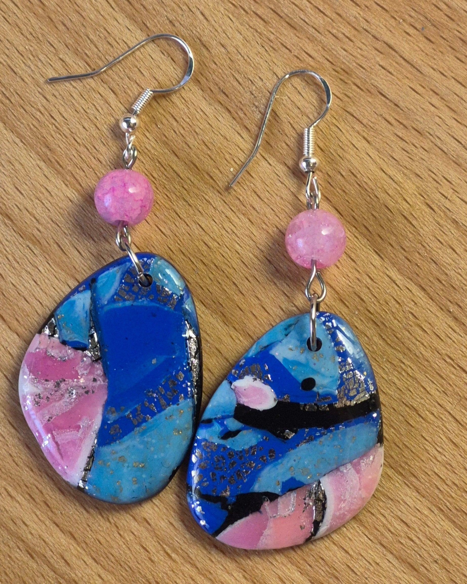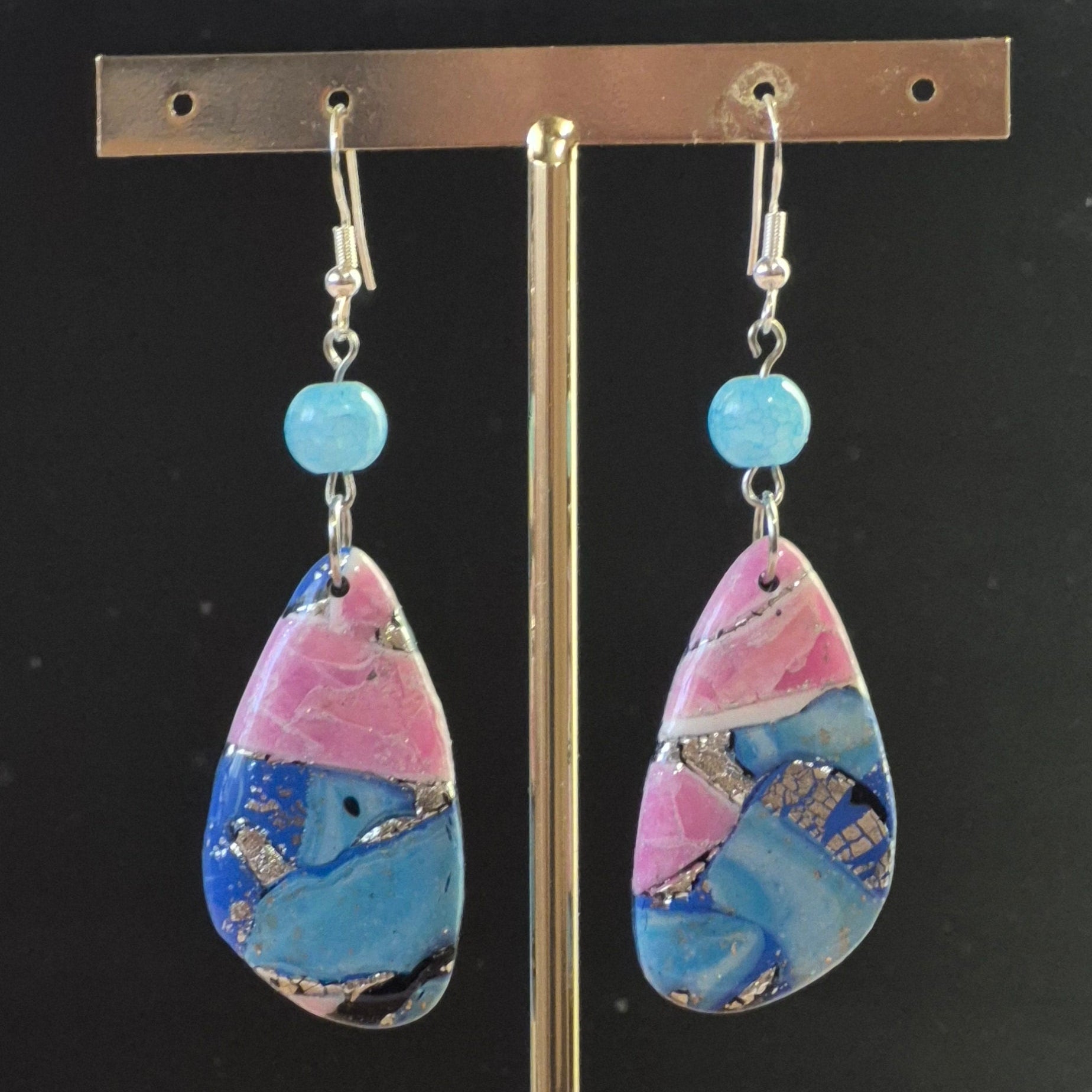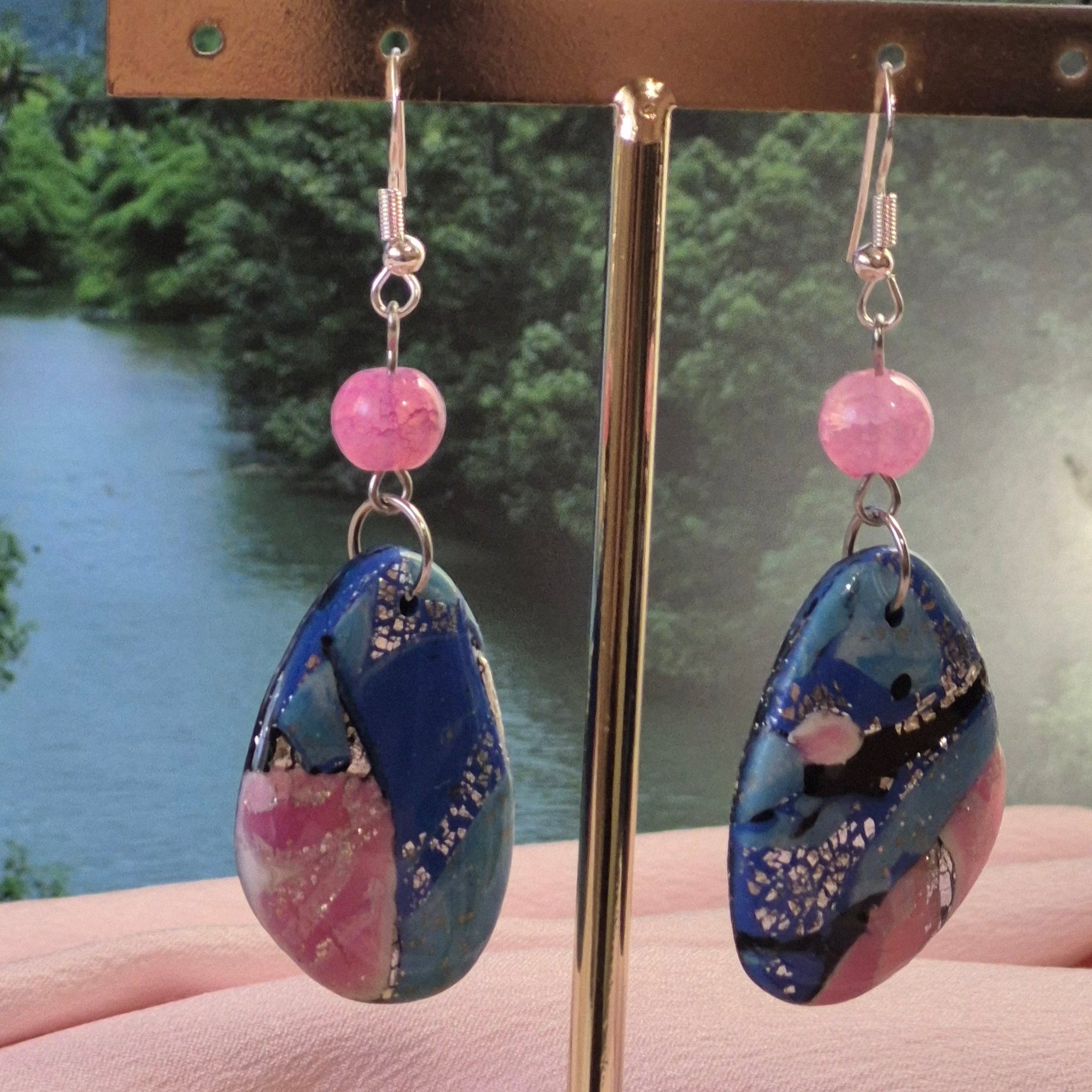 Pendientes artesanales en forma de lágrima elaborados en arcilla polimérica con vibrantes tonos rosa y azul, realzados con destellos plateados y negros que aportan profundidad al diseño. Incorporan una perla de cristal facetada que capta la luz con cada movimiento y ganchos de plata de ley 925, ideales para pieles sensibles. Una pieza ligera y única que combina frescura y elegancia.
...
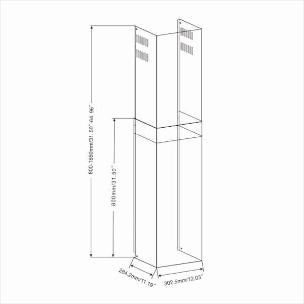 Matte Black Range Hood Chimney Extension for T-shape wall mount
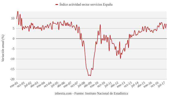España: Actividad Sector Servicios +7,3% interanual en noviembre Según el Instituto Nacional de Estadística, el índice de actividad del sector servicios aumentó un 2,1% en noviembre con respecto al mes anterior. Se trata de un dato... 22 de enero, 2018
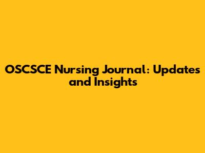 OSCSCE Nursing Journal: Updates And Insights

#### EXERCISE INSTRUCTIONS
The material above holds pictures; leave them out and set down exactly the lines from the line with "Matte Black Range" to the line with "OSCSCE Nursing Journal: Updates And Insights", both included.

#### RESULT
 Matte Black Range Hood Chimney Extension for T-shape wall mount
España: Actividad Sector Servicios +7,3% interanual en noviembre Según el Instituto Nacional de Estadística, el índice de actividad del sector servicios aumentó un 2,1% en noviembre con respecto al mes anterior. Se trata de un dato... 22 de enero, 2018
 OSCSCE Nursing Journal: Updates And Insights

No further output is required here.